In addition the French requisitioned grain for their soldiers and hay for their
animals. Both the main towns, Kassel and Marburg, were besieged, taken, and
retaken many times. Marburg's famous Elisabethkirche, a centre of pilgrimage
before the Reformation, was used as a granary by the occupying French army. The
ancient town changed hands fifteen times, the castle on the heights above,
seven times.
The effect of a prolonged war in Hessen, with French levies
and British subsidies, was to make the Landgraf more independent of the Hessian
Parliament (or, more accurately, Estates), the Landstdnde, which was burdened
with making good the losses to the country out of its own sources of revenue.

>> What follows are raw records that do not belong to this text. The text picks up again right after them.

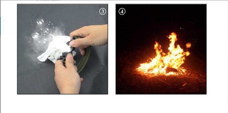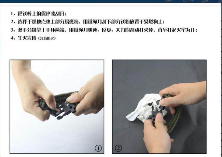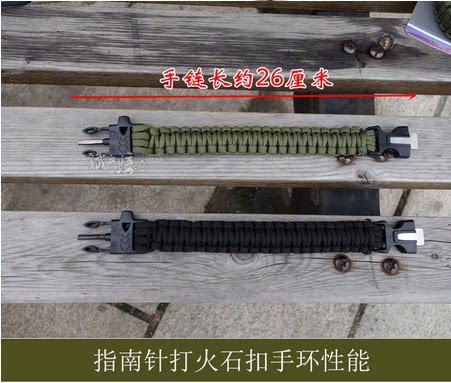这不是一款普通的伞绳手链,它具有更多户外求生功能。它配备了户外救生取火石,高精度迷你指南针,切绳刀,求生口哨和一根长约3米的7芯伞绳,为您的户外探索提供安全保障。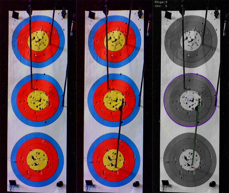 Wir führten einen Performance Test durch, bei dem 11 Pfeile auf einen Spot mit 20cm Durchmesser geschossen wurden. RyngDyng hat alle Pfeile korrekt erkannt. Im ersten Bild seht Ihr die Sicht der linken Kamera vor dem letzten Pfeil. Das zweite Bild wurde unmittelbar nach dem letzten Pfeil aufgenommen. Die Differenz zwischen beiden Bildern reicht aus, um den letzten Pfeil korrekt zu erfassen. Das Ergebnis der Berechnung im RyngDyng zeigt das dritte Bild. Der erkannte Treffer wird durch einen roten Punkt markiert.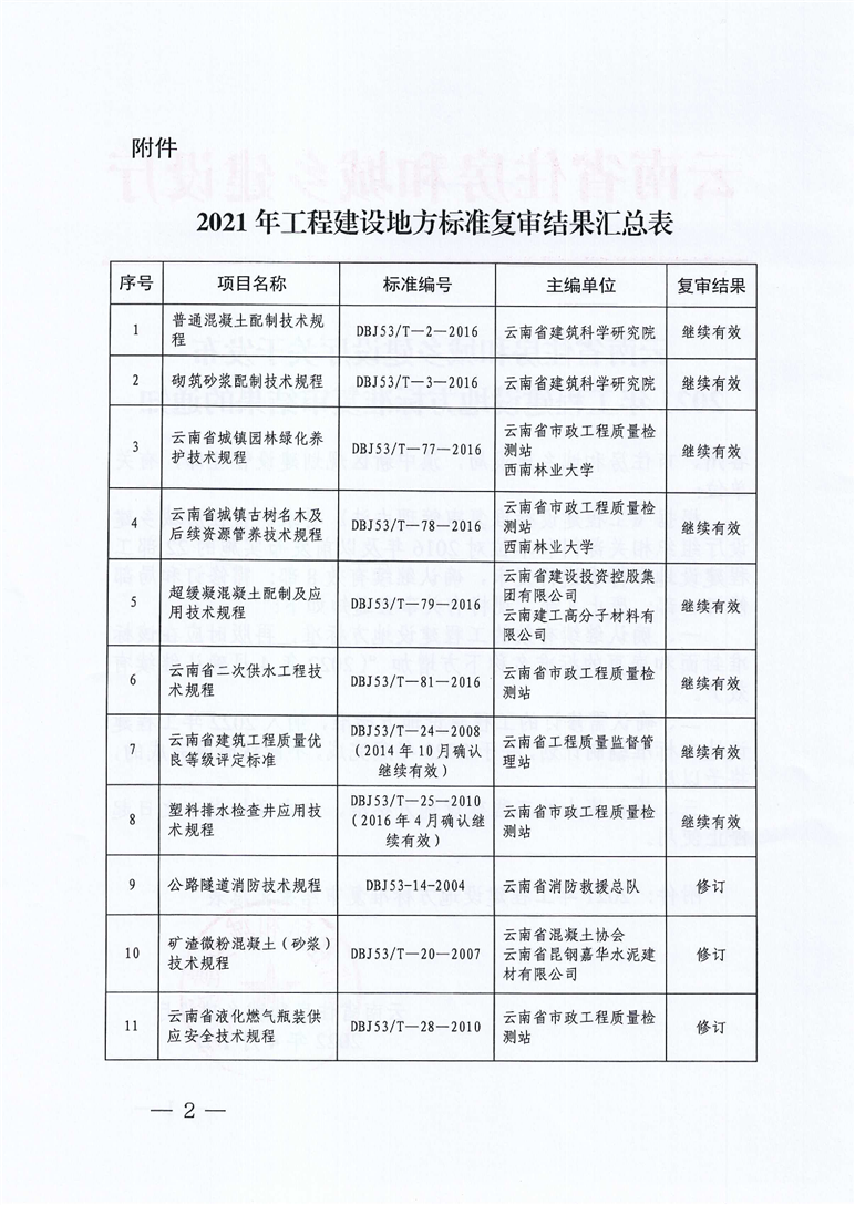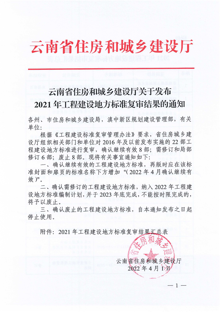 云南省住房和城鄉(xiāng)建設廳關(guān)于發(fā)布2021年工程建設地方標準復審結(jié)果的通知
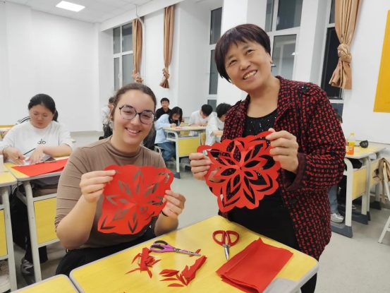 满族剪纸非遗传承人李艳霞指导留学生创作剪纸作品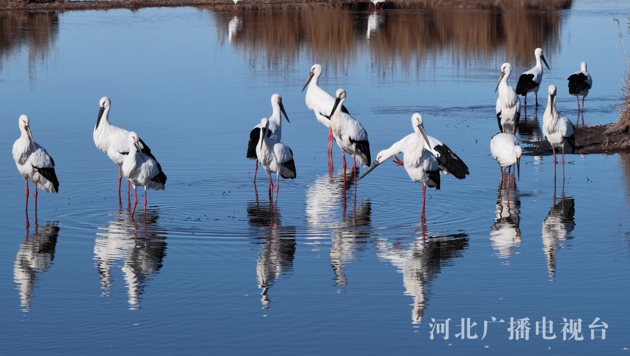 冀时客户端报道 1500多只国家一级保护动物—东方白鹳今冬到访南大港湿地,数量占到全球东方白鹳总量的15%。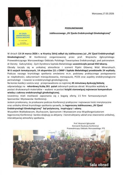 W dniach 13-14 marca 2026 r. w Krynicy Zdrój odbył się Jubileuszowy już „XV Zjazd Endokrynologii Ginekologicznej”. W Konferencji zorganizowanej przez prof. Wojciecha Zgliczyńskiego Przewodniczącego Warszawskiego Oddziału Polskiego Towarzystwa Endokrynologii, pod patronatem dr Doroty Gałczyńskiej - Zych Dyrektora Szpitala Bielańskiego uczestniczyło ponad 450 lekarzy.
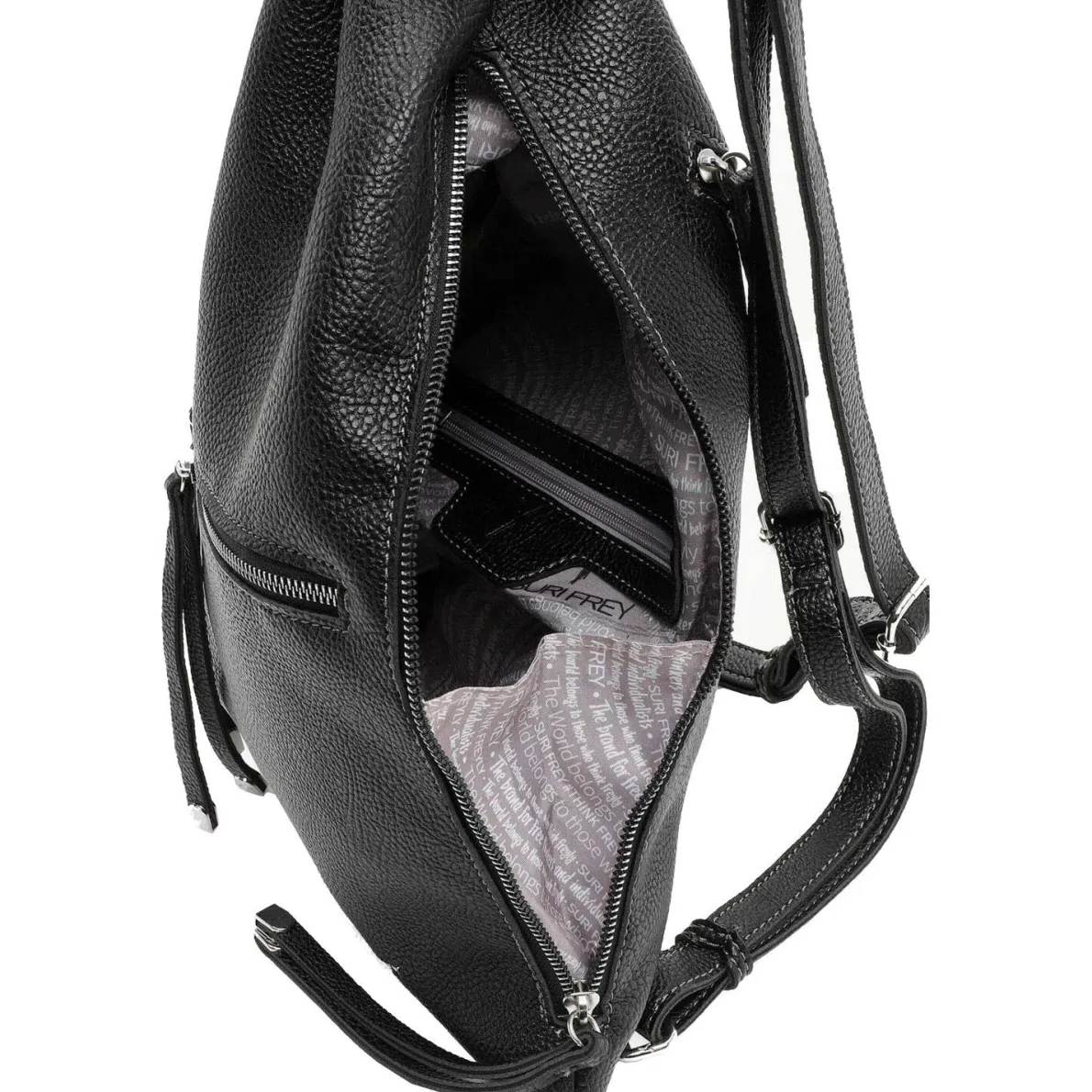 Der Freddy von Suri Frey ist ein ausgesprochen praktischer Damen City Rucksack aus Kunstleder, in dem du all deine Errungenschaften ordentlich verstauen kannst.

The subsidies, however, flowed into the war treasury (Kriegskasse), which the
Landgraf s officials controlled and administered. Thus the Landgraf became rich
while the Landstdnde lost the traditional power of the purse over their
sovereign. A British military historian notes, it was a curious fact that the
British Parliament in its reluctance to create a large British army, for fear
of military power in the hands of the monarch, helped German princes in their
struggle against their own Parliaments by making it possible and profitable for
the princes to maintain large forces on hire to the British.'
The Hessian corps fought throughout the campaigns of the
Seven Years War. Ferdinand of Brunswick, commander of 'His Britannic Majesty's
Army in Germany', regarded them as more able to withstand the hardships of war
than any other contingent. Despite its name this army contained more
Hannoverians and Hessians than British troops, who only appeared in September,
1758. Of total strength in 1760 of 90,000, some 37,800 were Hannoverians,
24,400 Hessians, 22,000 British, 9,500 Brunswickers, and there were some lesser
contingents. Yet it succeeded in tying down double its number of French troops,
a service of inestimable value both to British conquests overseas and to
Frederick of Prussia in his struggle against a European coalition. When
Frederick heard of the conclusion of an Anglo-Hessian subsidy treaty for
additional men in early 1759 he wrote to his minister in London, 'C'est avec
bien de la satisfaction que j'ai appris par votre rapport ordinaire du 16 de ce
mois la conclusion du nouveau traite de subside avec le cour de Hesse.' In both
1759 and 1778 Frederick regarded Hessen-Kassel as having an essential role in
the defence of his western flank.
With the fighting going on in Hessan, Hessian soldiers were
sorely tempted to make off home to see how wives and sweethearts, or livestock
and crops, were faring. In 1762 some 111 cavalry and 2,196 infantrymen deserted
out of a contingent of 24,000. The strain of maintaining this large corps fell
heavily on the small state. By August 1761 the Landgraf informed Colonel
Clavering, British representative at his court, that it would be impracticable
to get more recruits if the war continued for another year. Recruiting officers
sent to Hamburg, Lübeck and Bremen picked up only deserters and vagabonds, who
were no sooner enlisted than they deserted again. The corps could hardly be
kept up to strength until the Landgraf was once again master of his own
country. Hessian subalterns and rank and file for the last campaign were sixteen-
and seventeen-year-olds.
This mainly German army, by tying down French strength,
enabled Britain to conquer her first empire overseas. British subsidies were
well spent. By contrast the French who paid for the Duke of Württemberg's corps
to serve with the Imperial Army against Prussia got a rabble. Duke Karl Eugen
had introduced Prussian recruiting methods to enlist his troops, and in spring
and summer of 1757 thousands of young men were forcibly pressed into service.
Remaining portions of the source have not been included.